The median income for a household in the township was $36,094, and the median income for a family was $37,330. Males had a median income of $28,750 versus $21,691 for females. The per capita income for the township was $16,309. About 2.8% of families and 5.9% of the population were below the poverty line, including 8.1% of those under age 18 and 1.4% of those age 65 or over.

==Communities and locations==
- Dogtown - A village on the southeastern border of Union Township. It is located on Pennsylvania Route 14.
- Gleason - A village on Pennsylvania Route 414 in the northern part of the township.
- Lycoming Creek - A creek that forms the southeastern border of the township with Lycoming County.
- Newelltown - A village on Pennsylvania Route 14 in the southern part of the township, about a mile northeast of Dogtown.

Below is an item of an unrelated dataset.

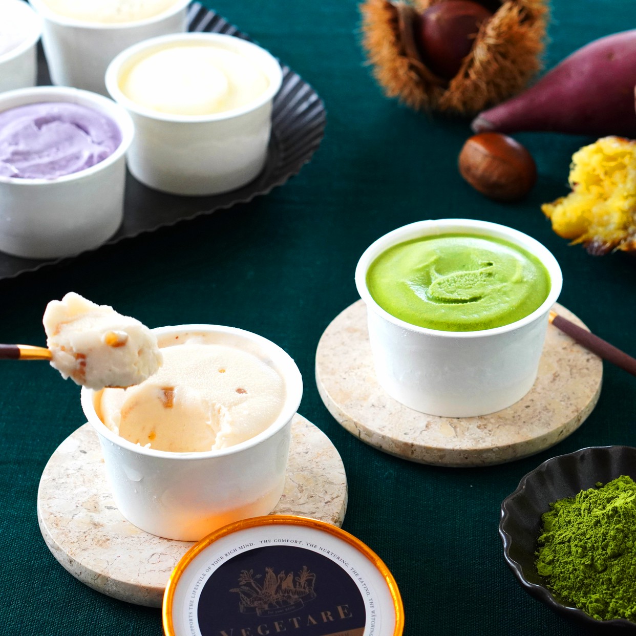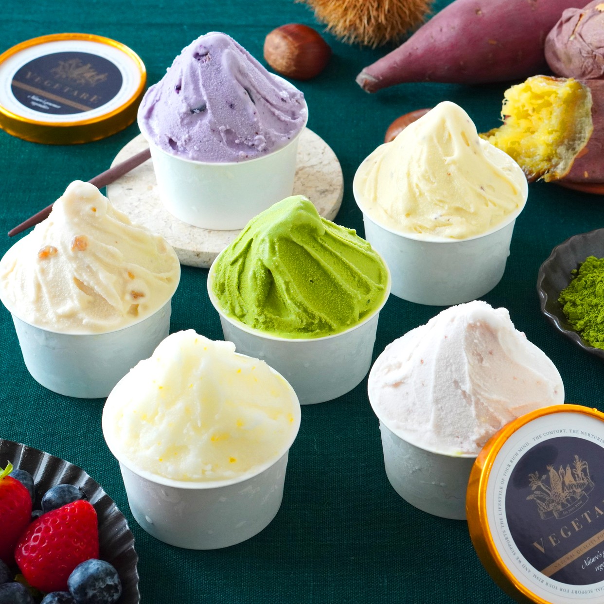 ベジターレが厳選した国産フルーツや抹茶を使用したアイスジェラートの贅沢セット。

- Ogdensburg - A village on Pennsylvania Route 414 in the western part of the township.
- Penbryn - A village on Pennsylvania Route 14 in the eastern part of the township. It is located near the triple border of Tioga, Bradford, and Lycoming Counties.
- Roaring Branch - A village on Pennsylvania Route 14 in the southern part of the township, about two miles southwest of Dogtown.
- South Union - A village in southwestern Union Township.
- Spencertown - A village in the eastern part of the township.
- Union Center - A village on Pennsylvania Route 414 in the central part of the township.